Some days, the stock market soars at the expense of bonds. Other days, it is commodities like oil or gold that shine. And some days, defensive assets like bonds catch a big bid. Then there are those rare days when all asset classes enjoy big rallies – days when “Everything Is Awesome”! (phrase borrowed from the Grammy-nominated song from The Lego Movie…seriously.) We saw such a day yesterday with stocks, bonds, crude oil and gold, not to mention the Euro, all up more than 1%.
This has been a rare feat over the past 8 years. As measured by the most popular ETF’s covering stocks (SPY), bonds (TLT), oil (USO) and gold (GLD), this was just the 6th day since 2007 that each of the asset classes rallied 1% on the same day.
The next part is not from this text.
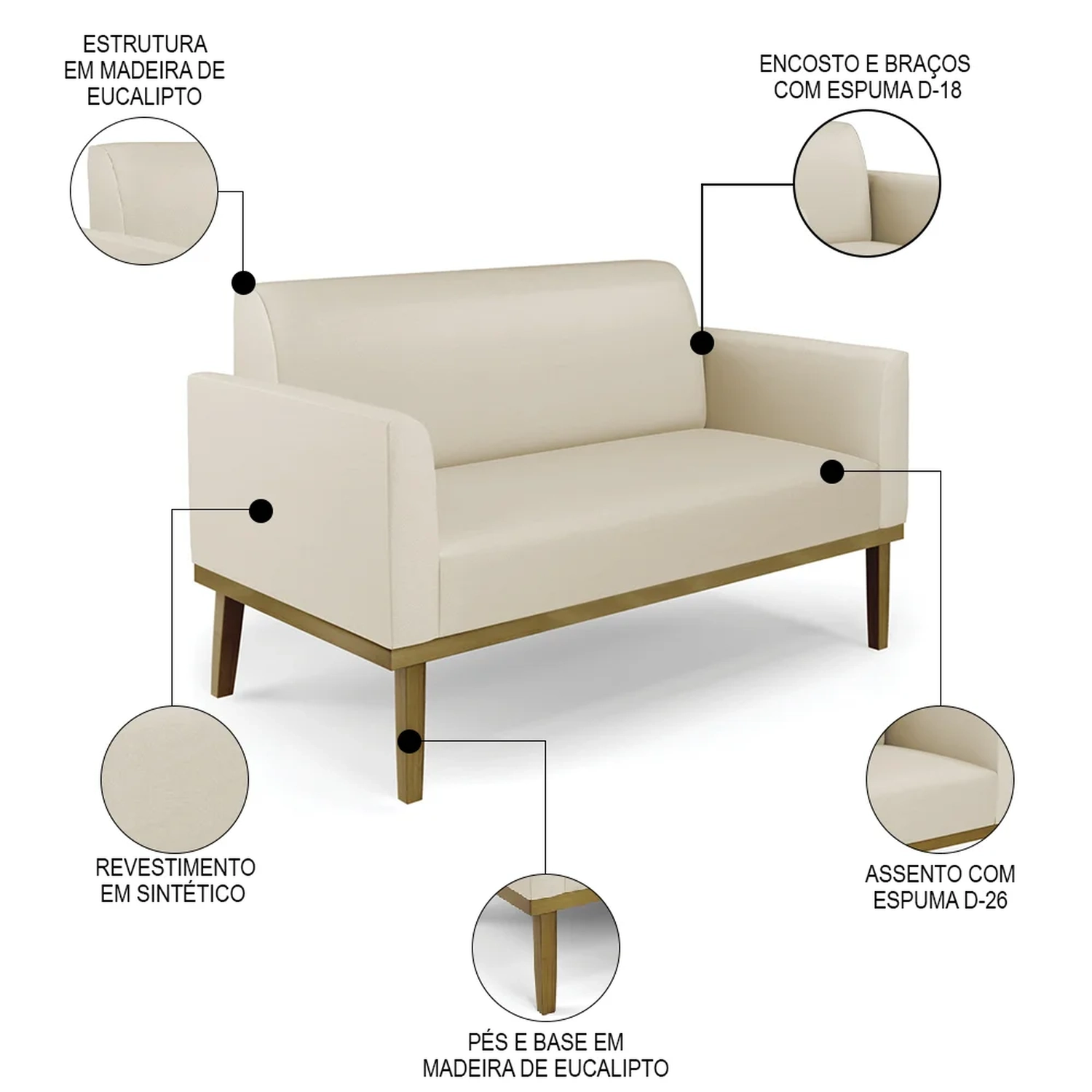 Material dos Pés: Madeira Eucalipto.

Here are the 6 dates in the past 8 years (* Euro [FXE] also up > 1%):
Truthfully, there is not a lot that we found to be gleaned from these dates in terms of adding value to market expectations. The first 1, and maybe 4, occurred within the descent/ascent associated with the outright market panic during the financial crisis. Given the elevated volatility during such times, it is not a shock that several of the occurrences would be found during that period (although, it was still rare to have all the asset classes going the same way, i.e., up).
In most instances, these dates marked little significance in terms of the future direction of the various markets. There were a few exceptions when the dates marked an inflection point for a certain asset, i.e., the 2008 instance that sent bonds and gold sailing upward and, to a lesser extent, the 2013 episode that sent oil and gold into a decent selloff.
Upon examining the dates a little further, we did notice somewhat of a tie-in. 3 of the dates, 6/25/2009, 9/18/2013 and yesterday fell on the day of, or the day after, an FOMC meeting. It shouldn’t be surprising to anyone at this point that the Fed may attempt to assuage the markets with their policy actions, statements or press conferences. But do these “Everything Is Awesome” FOMC days have a lasting effect on the markets beyond the 1-day combined rally? From just a cursory glance, no.
Looking at the returns of the SPY, TLT, GLD and USO over various durations following the prior examples on FOMC days, we see mixed performance from the sectors.
Yes, it is only a sample size of 2, and yes there are unique circumstances surrounding each FOMC meeting. But as one can see, the forward returns after that day have been about perfectly mixed. And while stocks did well after the 2 meetings and oil did poorly, I don’t think we can extrapolate those precedents into the future. The point is, not all of the asset classes furthered their good performance from that day. In other words, don’t assume “everything is awesome” beyond that one day.
Perhaps, the lesson is simply to expect more volatility around FOMC meetings, if one hadn’t picked up on that already. Specifically, expect more positive volatility. This is likely to be truer and truer the more that the focus is on the specific verbiage dispensed by the Fed. With that being the case, one can likely rely on the Fed consistently telling the market that “everything is awesome”, even when that means telling us that not everything is awesome.